Dismissively, we were given our comprehensive list of recommended ways of recognising the covered women at our classroom doors. It was seriously recommended that we learn the sound of each mothers voice and then we were given a list of other helpful additions to observe, take note of and recognise.....rings, brooches, jewellery, shoes, handbags and even the decoration on their veils or abaya. It was even suggested that we recognise the way they walk. Scared, flabbergasted and in a state of shock, I really didn't digest much more of that induction, as, I am sure did no one else. These practices were to haunt me every day of my teaching life in Arabia. I never did feel comfortable and was always terrified I would let a child go home with the wrong person.

The end of the school day was a very stressful time.
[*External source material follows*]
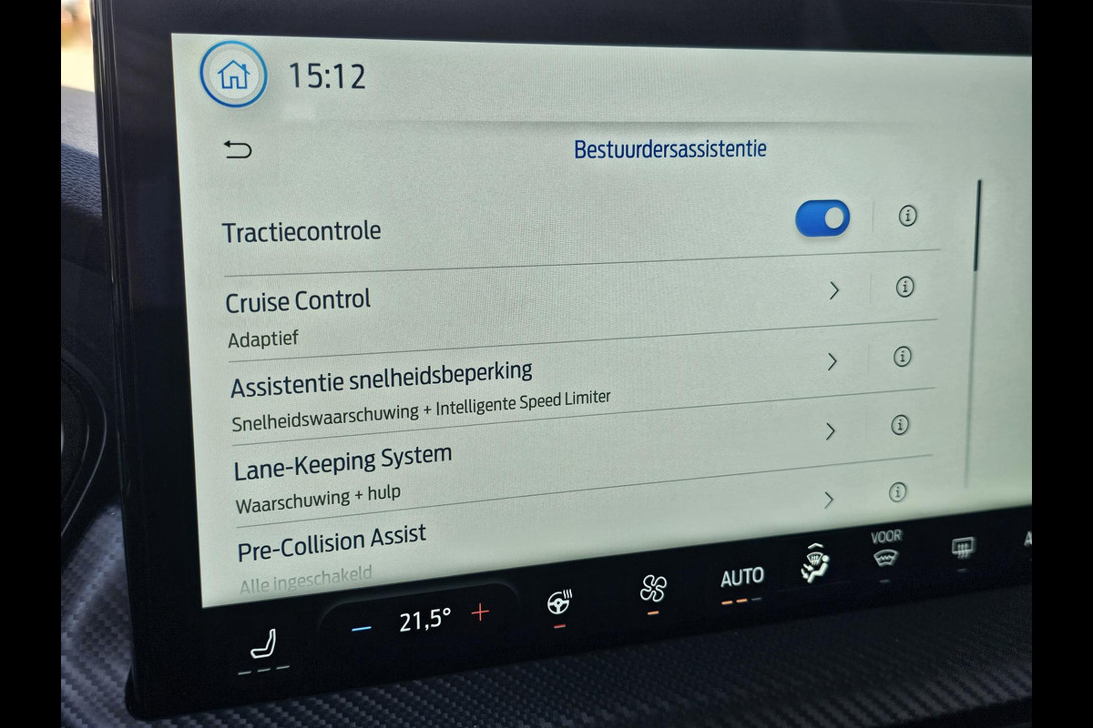Deze Ford is voorzien van verschillende intelligente veiligheidsvoorzieningen. Ze kijken tijdens het rijden als het ware met u mee, ze signaleren potentieel gevaarlijke situaties en in een aantal gevallen kunnen ze ook ingrijpen. U hoeft uw ogen niet meer van de weg te halen om dashboardinformatie te checken. De head-up display projecteert het rechtstreeks in uw zichtveld. Verkeersbord-detectie herkent verkeersborden en toont deze op het instrumentarium van de auto. Voorzien van het Lane-keeping systeem. Ofwel: blijf automatisch in je baan. De auto is ook uitgerust met dodehoekdetectie, forward collision warning system, hill hold functie, vermoeidheidsherkenning, autonoom remsysteem en bandenspanningcontrolesysteem.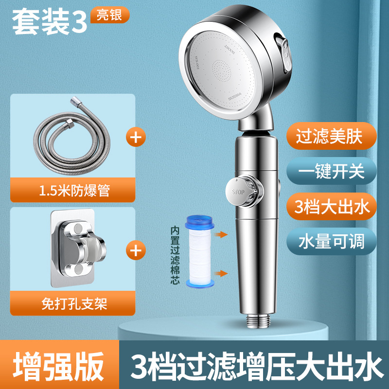 필터 가압 3 단 샤워 노즐 슈퍼 샤워 헤드 욕실 빗물 히터 가압 스프레이 욕조

I would shake and my heart would race and I could hear it beating in my chest. I was unable to bring myself to leave my classroom door or trust anyone else to see my class home safely. I saw my children home safely myself every single day. The only person I felt I could trust (if I was otherwise engaged in other teaching responsibilities) was my Lebanese teaching assistant, although I was constantly worried about the repercussions of child being lost or taken.
On several occasions, we heard of men disguising themselves in the Burqa and Hijab (veil), clad in black from head to toe and wearing ladies shoes, attempting to kidnap young children from schools for organ donation which would be sold to friends, acquaintances and family in other parts of the world. This was shocking and outrageous and caused much condemnation among me and my colleagues. The criminals carrying out these disgusting deeds were part of a sophisticated underworld that somehow secured much personal information about a particular child in a particular school and often managed to get by school security and arrive at the classroom door. As teachers and carers, no matter how worried and stressed we were, we could be nothing but vigilant, responsible and wise. This was normal practice in this part of the world and this was the way it was. Terrifying and completely beyond my understanding, I found myself ever over cautious at my classroom door. I am pleased to tell you my children went home safely with the right adult at all times.

At the end of each day, as you can well imagine, a strong brew (with a mars bar) was always a welcome and relaxing interlude in the staffroom after all the children were safely reunited with their families.